Arguing that children cannot consent to being sterilized and the loss sexual function, her hope in bringing the claim was to protect other children from being subjected to the same irreversible harm. She has succeeded in that laudable goal.
Mrs A, who was also a claimant in the case, has a 15 year old daughter who wants to undergo trans-affirmative procedures. She will not be able to begin that process until she reaches the age of 16, by which time it would be too late for puberty blockers to achieve the desired effect: permanent deformation and restricted growth of developing secondary sexual organs, in preparation for experimental plastic surgeries.
As such, Mrs A's daughter has been prevented from having her body irreversibly harmed in a manner she stands a 90 percent chance of living to regret.
The court also ruled that clinicians should apply to the court whenever there is doubt that the long-term interests of a 16 or 17 year-old would be served by the clinical interventions of blockers or wrong-sex hormones.
It is likely that the gender identity clinic, as the losing party, will appeal to the Supreme Court to defend their policy of performing 'sex-change' procedures on children.
Nonetheless, the decision deals a decisive blow to the expanding pediatric trans "healthcare" industry in the UK. Also checking in with their insurers will be the NHS's litigation defense fund. Providers of such "healthcare" worldwide will now be considering their options, and whether they can afford the litigation risk of continuing to mutilate children's healthy bodies.
The Tavistock clinic argued that clinicians are able to assess which child's pubertal development needs to be arrested, and which child's sexual development should be interfered with. Fenella Morris QC, representing the NHS Trust, argued that it was "a radical proposal" to suggest children were incapable of informed consent to gender identity ideology-based medical procedures which would render them sterile.
The judges disagreed, and drew a line against the practice.
Gillick competence, and the Montgomery criteria, are the tests for whether or not a child can consent to ordinary medical treatment—which does not result in permanent damage—without parental permission. If the medic considers that the child is mature enough to understand the implications of the treatment, parental rights can be overridden.
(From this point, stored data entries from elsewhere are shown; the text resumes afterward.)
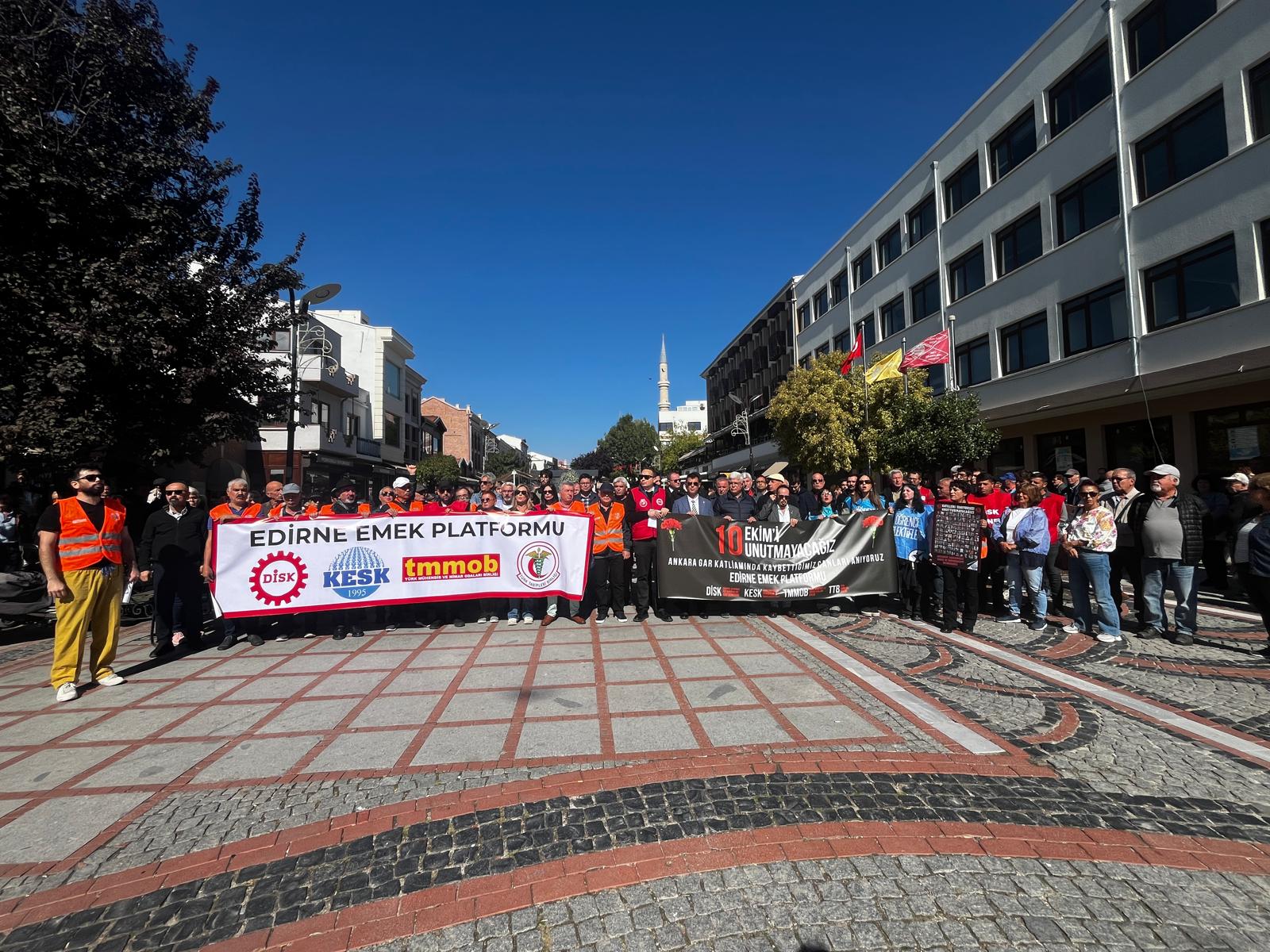 Ankara Garı önünde 10 yıl önce, Türkiye’nin içinden geçtiği şiddet ve çatışma ortamının sona erdirilmesi için DİSK, KESK, TMMOB ve TTB’nin çağrısı üzerine; “Savaşa inat, barış hemen şimdi” sloganıyla Emek, Barış ve Demokrasi Mitingi düzenlendi. Miting alanına düzenlenen saldırıda 109 kişi yaşamını yitirirken 500’ü aşkın kişi yaralandı. Saldırının 10’uncu yıldönümünde Edirne Emek Platformu tarafından Saraçlar Caddesi’nde basın açıklaması gerçekleştirildi. Etkinlikte basın açıklamasını; Edirne Tabip Odası Yönetim Kurulu Üyesi Utku Okçu okudu.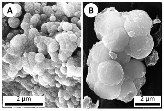 SEM imagery of botryoidal silica structures. (A) A secondary electron image (10 kV) of botryoidal silica precipitate from a sinter sample collected from Steep Cone hot spring in Yellowstone National Park. (B) ET-detector image (20 kV) of silica which precipitated on a microscope slide after 1 week in the hot spring simulation chamber (abiotic), displaying the same botryoidal texture characteristic of silica precipitation.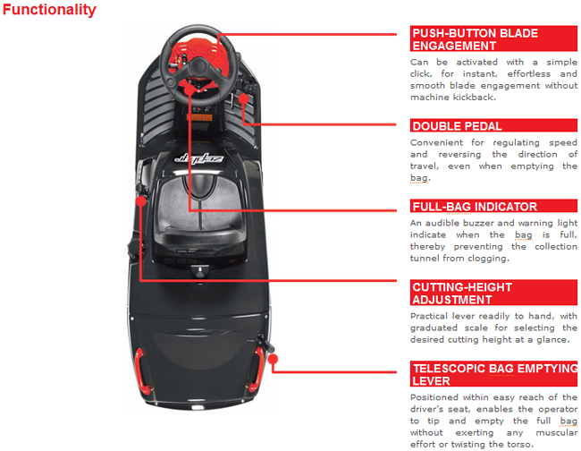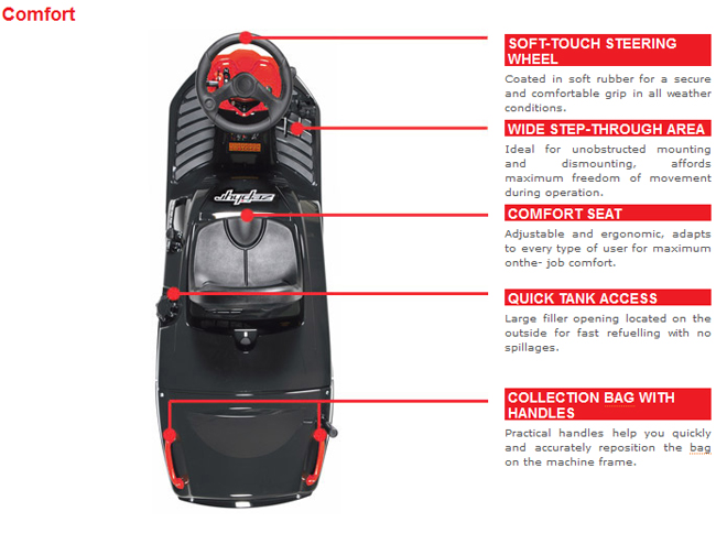 and empty the full bag effortlessly and without twisting the body. - Tight turning radius aids manoeuvring and cutting, even in confined areas.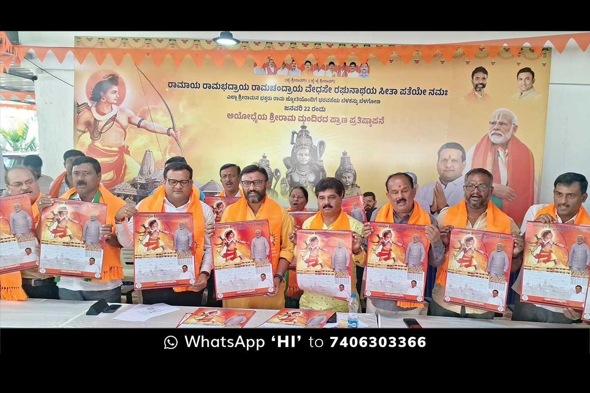 ನಗರದಲ್ಲಿನ ಬಿಜೆಪಿಯ ಸೇವಾ ಸೌಧ ಕಚೇರಿಯಲ್ಲಿ ಗುರುವಾರ ನಡೆದ ಶ್ರೀರಾಮ ಕ್ಯಾಲೆಂಡರ್ ಬಿಡುಗಡೆ, ಜ.22 ರಂದು ನಡೆಯುವ ಅಯೋಧ್ಯೆಯ ಶ್ರೀರಾಮ ಮಂದಿರದ ಪ್ರಾಣ ಪ್ರತಿಷ್ಠಾಪನೆಯ ಹಿನ್ನಲೆಯಲ್ಲಿ ಪ್ರತಿ ಗ್ರಾಮದಲ್ಲೂ ಪೂಜೆ ನಡೆಸಲು ಅಗತ್ಯ ಪೂಜಾ ಸಾಮಗ್ರಿಗಳ ವಿತರಣೆ ಕಾರ್ಯಕ್ರಮದಲ್ಲಿ ಅವರು ಮಾತನಾಡಿದರು.

This begs the question of how a child can know what it means to lose their future fertility and sexual function, a question to which the court answered "no."
Since the 2000s, the Tavistock has treated hundreds of children, some as young as 10, sometimes against their parents' wishes.
The most commonly used blocker is triptolerin, a powerful drug licensed to treat advanced prostate cancer in men, to chemically castrate male sex offenders, and to halt precocious puberty. It is not licensed as a cure for the mental health condition known as gender dysphoria.
Girls are particularly vulnerable to being drawn into the trans "healthcare" system. In 2009, 40 girls under 18 were referred for gender identity ideology-based treatment in England. By 2017 this had multiplied to 1,806, prompting suggestions that social contagion was at play.
Bell's claim is, essentially, an appeal for reproductive justice. It is the latest in a line of cases which began in 1976 with Loretta Ross' successful suit against the manufacturer of the contraceptive IUD Dalkon Shield which cost her her fertility, a risk known to the US Centers for Disease Control since 1973.
The global fight for women's health has a long history, from the campaign against the Contagious Diseases Acts of the 1860s, to the Irish Survivors of Symphysiotomy, and the vaginal mesh scandal in the last decade. That girls are being sterilized before they are old enough to comprehend that loss will hopefully, if there is any justice, join that list.
The decision of the court in favour of Bell has opened the way for clinical negligence claims by other children who have been harmed. Indeed, medical negligence specialists are already accepting clients. Trans healthcare providers the world over, and parents of children who think they are trans, have a lot to think about.